Algo de la poesía publicada recientemente en la Argentina.
viernes, 31 de marzo de 2017
Gustavo Tisocco
Gustavo Tisocco (Corrientes/CABA), Reina, Vinciguerra, Buenos Aires, 2016.
Entonces no estaba mal
tocarse bajo las sombras
y que el árbol sea testigo del calor
del deseo.
Pero un viento tenaz increpaba
y sentíamos pecado
en aquello que al fin no estaba prohibido.
No estaba mal
sentir el gusto a menta
desde la boca del otro,
sentirse por un instante
la triste durmiente
la que espera siempre
la que llora por amor en los puertos.
No estaba mal después de todo
indagar lo que sentíamos
como un amuleto de libertad
y que esa libertad no sea precipicio.
¿Podré salvarme
si beso tu cicatriz?
Hombre
me has condenado
y anhelas mi lengua sobre la llaga.
Quieres mis rezos,
mis rodillas sangrando,
que el gallo cante.
Exigen mi sumisión,
lágrimas sobre tus pies,
latigazos en mi espalda.
¿Quién debe salvarse entonces?
¿Quién...?
Jugábamos a la escondida
en el patio trasero,
incrédulo
buscaba el roce
del niño aquel:
mi caballero.
Todavía
traspiro
si me escondo.
jueves, 30 de marzo de 2017
Gisela Galimi
Gisela Galimi (Lobos, Buenos Aires/CABA), Flamenquitos y otros poemas, Textos intrusos, Buenos Aires, 2017.
Seguirillas -por martinetes-
La letanía del cante
se mezcla en mi cabeza
con el golpe del martillo
sobre el yunque.
Cuevita mi alma,
minero tu destino.
La sangre, el dolor
y el clavo pegando
-prolijito-
En compás de siempre
tu recuerdo.
Bamberas
Columpia en sí y no
la respuesta
taco punta
taco punto.
Bambera que mece
columpia en los párpados
la respuesta.
Doble columpio.
Y la pregunta
de nogal,
de fruto
dura por fuera, blanda por dentro,
aún no ha sido lanzada.
Columpia en sí y no
la respuesta.
Leyenda de la creación
Huelo el jazmín y no las rosas
Avedis Hadjian
En el paraíso no había rosas,
su esencia de pétalo en tallo de espinas
no era posible.
Eva disfrutaba el olor del jazmín
pero algo faltaba
en su cuerpo
de fruto.
Adán se animó a morder el dolor.
Entonces Dios supo
que habían
crecido.
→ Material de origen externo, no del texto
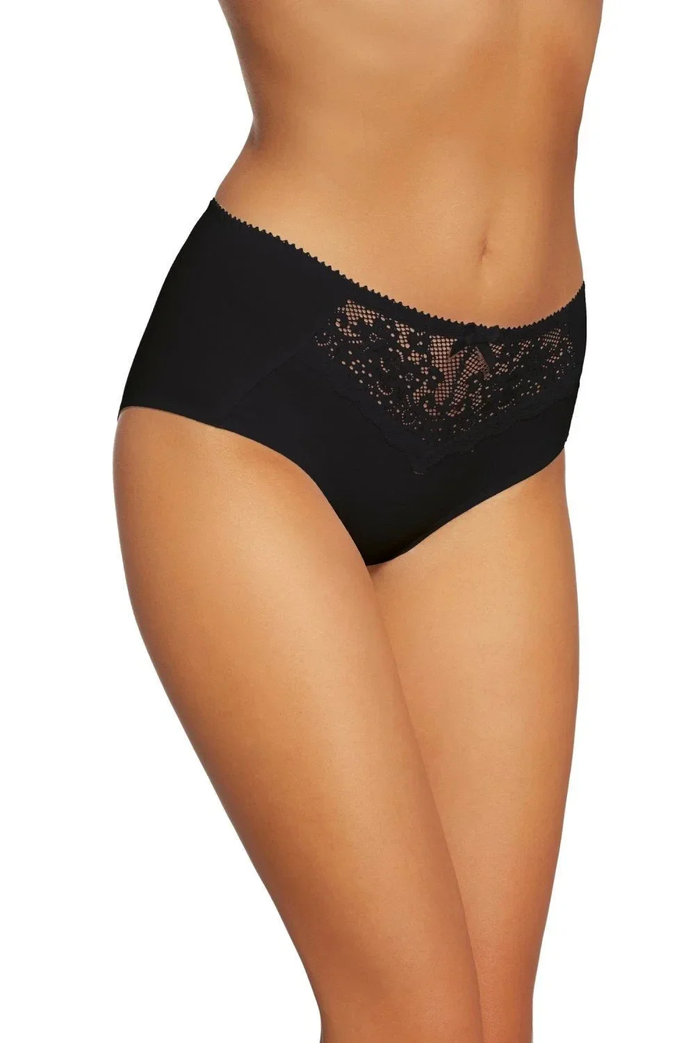 Dámské kalhotky 126 black GABIDAR - černá barva - klasický střih - plnější boky - přední díl zdobený krajkovou vsadkou s květinovým motivemMateriálové složení: 95% bavlna + 5% elastan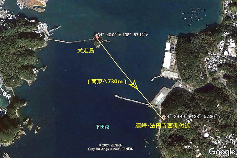 下田港内・犬走島位置。当時の位置観測情報と現在位置情報。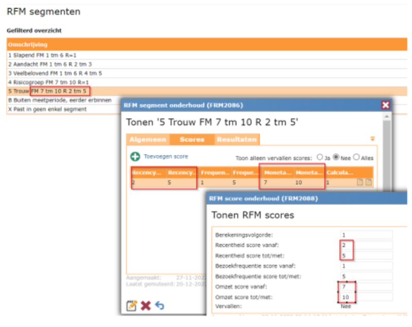 Het RFM-model kan ingesteld worden in RetailVista, ervan uitgaande dat de juiste modules geactiveerd zijn. Binnen RetailVista kun je de puntentelling per factor instellen waarna iedere dag de segmentatie bepaalt wordt voor al je klanten. Daarbij wordt gebruik gemaakt van de 95-percentiel methode om uitschieters uit het model te filteren.

Y les dio
la rosa.
lunes, 27 de marzo de 2017
Santiago Sylvester
Santiago Sylvester (Salta), El que vuelve a ver, Ediciones del Dock, Buenos Aires, 2016.
(necesidad de lo previsible)
Hoy llueve y mañana
lloverá: lo dice la televisión, y lo bueno de este mundo es
que sea previsible
para que ocurra lo imprevisto: cómo reconoceríamos lo
prodigioso sin el telón de fondo de lo habitual: lo que
llega de golpe
sin la lectura del diario ante una taza de café
qué sería de lo no dicho, de lo que nunca se dirá
sin la sabiduría que se atribuye al que calla: el misterio del
solitario sin lo intrincado de la multitud:
qué sería del suceso
si no pudiéramos verlo.
La necesidad de perfección
y la necesidad de usarla: sentimientos antiguos, tal vez un
poco inactuales:
en ellos caben palabras, deseos, pensamientos:
el vértigo de saber que algo ocurrirá,
y gracias a lo previsible
no sabemos qué.
(según Pascal, la mayoría de los males vienen al hombre
por no saber quedarse en su casa)
Hay muchas razones para no salir de casa:
cómo saber qué quiero hacer
con todas las opciones que nos rodean:
no es que no prefiera alguna,
hablo de saber si hay una en mí.
No voy a hacer lo que no quiero hacer
ni voy a hacer lo que no tengo que hacer: el resultado no es
el mismo si el motivo cambia:
no es le mismo color
si el blanco es por carencia
o por abundancia: no es lo mismo
escalón que desnivel:
pobreza que austeridad: es casi lo contrario:
y hablando caro
no quiero tomar sol
ni tomar sombra:
no quiero estar aquí
y mucho menos no estar:
no quiero mojarme
pero menos estar seco: tengo motivos para todo eso.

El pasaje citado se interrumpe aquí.